Recorded information:
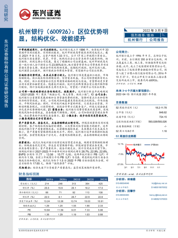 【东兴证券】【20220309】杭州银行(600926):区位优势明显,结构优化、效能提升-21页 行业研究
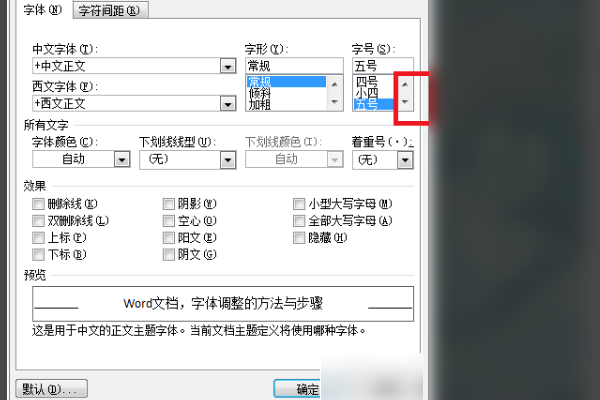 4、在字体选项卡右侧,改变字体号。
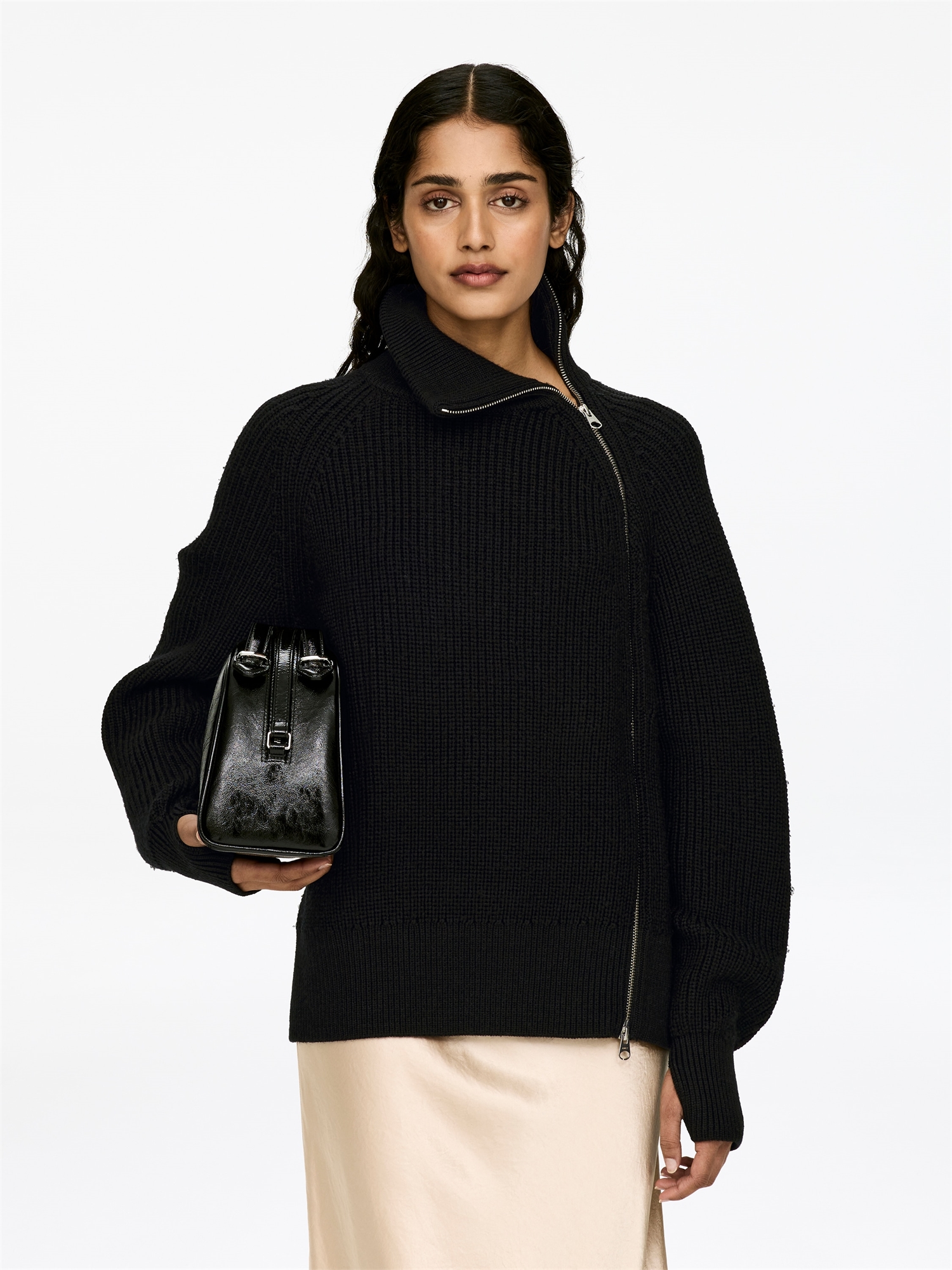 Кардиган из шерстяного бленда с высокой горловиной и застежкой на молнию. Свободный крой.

Activity:
The whole listing above must be returned exactly as written, with no pictures carried over.

Solved problem:
 【东兴证券】【20220309】杭州银行(600926):区位优势明显,结构优化、效能提升-21页 行业研究
 4、在字体选项卡右侧,改变字体号。
 Кардиган из шерстяного бленда с высокой горловиной и застежкой на молнию. Свободный крой.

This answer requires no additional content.